Realtime Compute for Apache Flink aggregates data by using window functions based on the time attribute. To use window functions based on the event time of a job, you must define a watermark when you declare a source table.
A watermark is used to measure the progress of Event time. It is a hidden data attribute. A watermark is defined in the DDL statement of the
source table. Flink provides the following statement to define a watermark:
WATERMARK [watermarkName] FOR <rowtime_field> AS withOffset(<rowtime_field>, offset)
Note For more information about the time attributes of Realtime Compute for Apache Flink,
see Time attributes.
Parameter | Required | Description |
---|---|---|
watermarkName | No | The name of the watermark. |
<rowtime_field> | Yes | The column used to generate the watermark. <rowtime_field> is identified as the event time column and must be a column of the TIMESTAMP type defined in the table.

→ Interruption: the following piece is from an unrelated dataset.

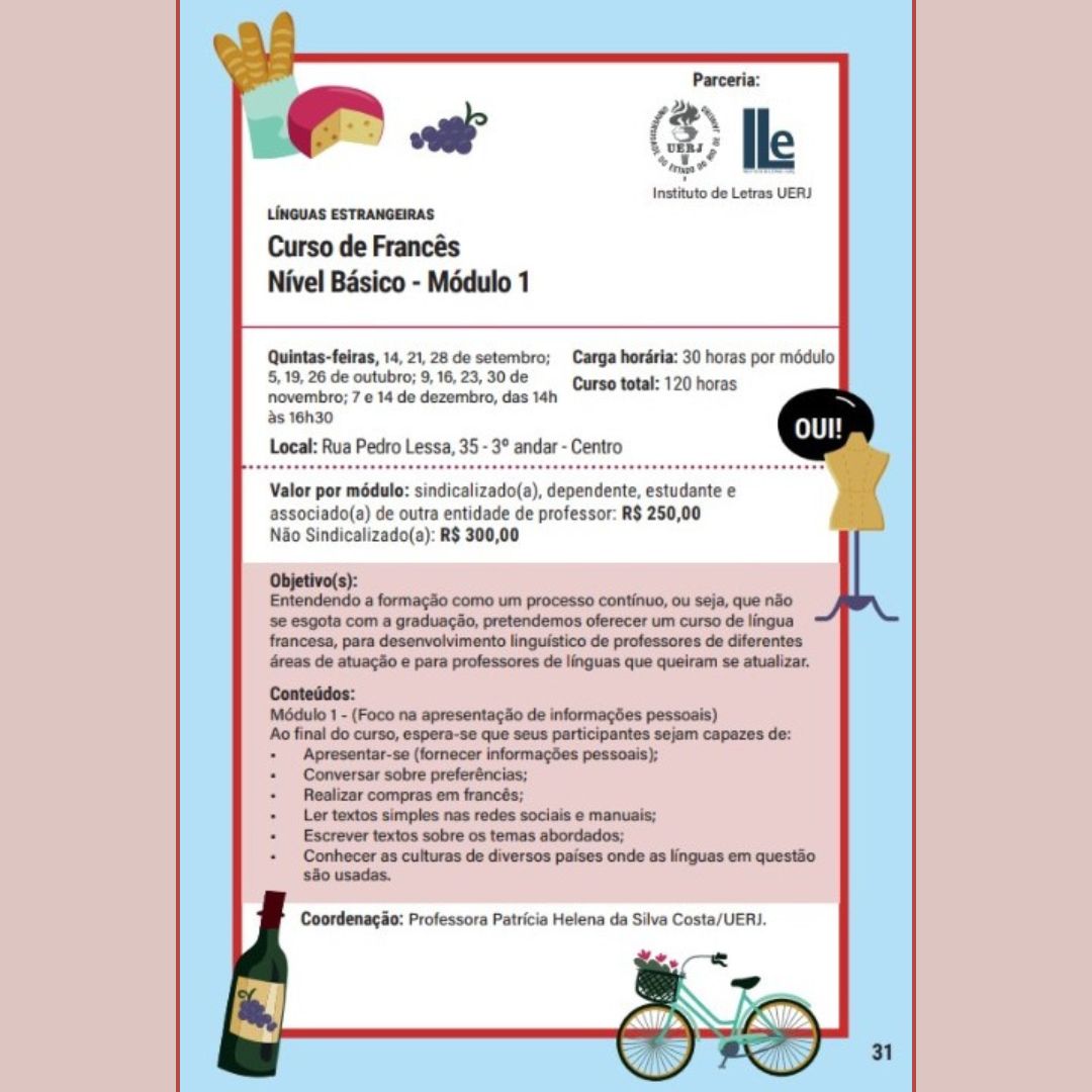 Objetivo(s): Entendendo a formação como um processo contínuo, ou seja, que não se esgota com a graduação, pretendemos oferecer um curso de língua francesa, para desenvolvimento linguístico de professores de diferentes áreas de atuação e para professores de línguas que queiram se atualizar.

You can use <rowtime_field> to define a window in the job code. |
withOffset | Yes | The policy to generate a watermark. In this example, the watermark value is generated
by using the following formula: <rowtime_field> - offset . The first parameter in withOffset must be <rowtime_field>.
|
offset | Yes | The offset between the watermark value and event time, in milliseconds. |
A specific field in a data record indicates the time when the record was generated.
For example, a table contains a
rowtime
field whose data type is TIMESTAMP, and one of its values is 1501750584000 (2017-08-03 08:56:24.000)

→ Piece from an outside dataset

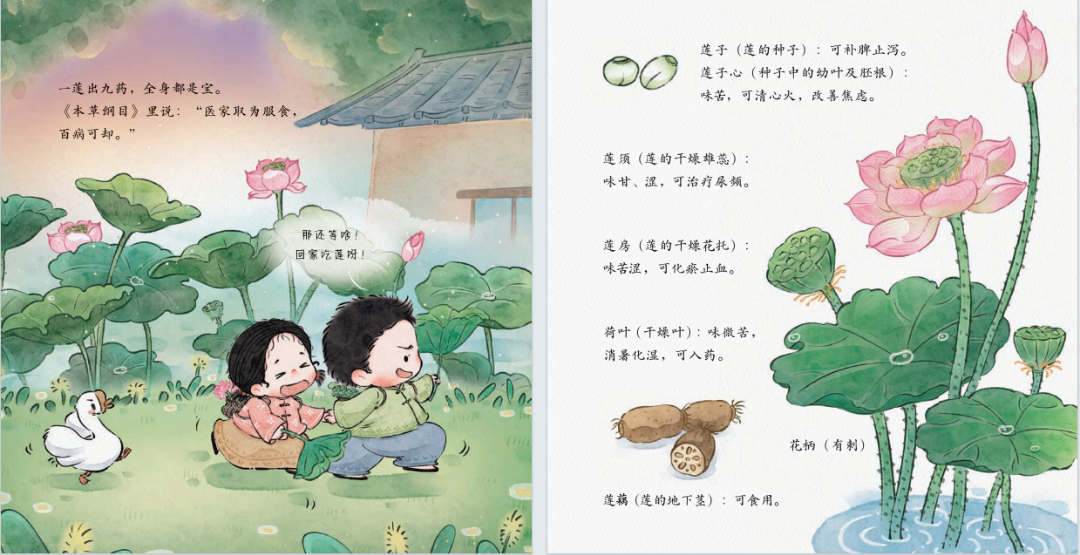 本書以大龍爸爸與兒子小龍包的漫談與生活貫穿全書,他們在戶外郊游中,發現和尋找自然里的中草藥——鵝不食草、荷葉、浮萍等,再通過孩童熟悉的古詩《詠鵝》《江南》《池上》,串聯起一個個有趣的草藥知識與互動體驗。

. If you want to define a watermark based on the rowtime
field and configure a 4-second offset, add the following definition:WATERMARK FOR rowtime AS withOffset(rowtime, 4000)
In this example, the watermark time of the data record is 1501750584000 - 4000 = 1501750580000 (2017-08-03 08:56:20.000)
. This means that all data whose timestamp is earlier than 1501750580000 (2017-08-03 08:56:20.000)
has arrived.
Note
- If you use an event time-based watermark, the
rowtime
field must be of the TIMESTAMP type. Realtime Compute for Apache Flink supports 13-digit UNIX timestamps in milliseconds. If the rowtime field is of another type or the UNIX timestamp is not 13 digits in length, we recommend that you use a computed column to convert the time. For more information, see Computed column. - The event time and processing time can only be declared in the source table. For more information, see Event time and Processing time.
Summary
- A watermark indicates that all the events whose timestamp t' is earlier than the
watermark time t (
t'< t
) have occurred. After the watermark timet
takes effect, all subsequently received data records whose event time is earlier thant
are discarded. Realtime Compute for Apache Flink will allow you to change the configuration and update the subsequent data. - Watermarks are important for data streams that arrive out of order because the watermarks help ensure that the computing in a window is correct even if some events arrive late.
- If an operator has multiple input data streams for parallel processing, the event
time of the data stream with the shortest time is used as the event time of the operator.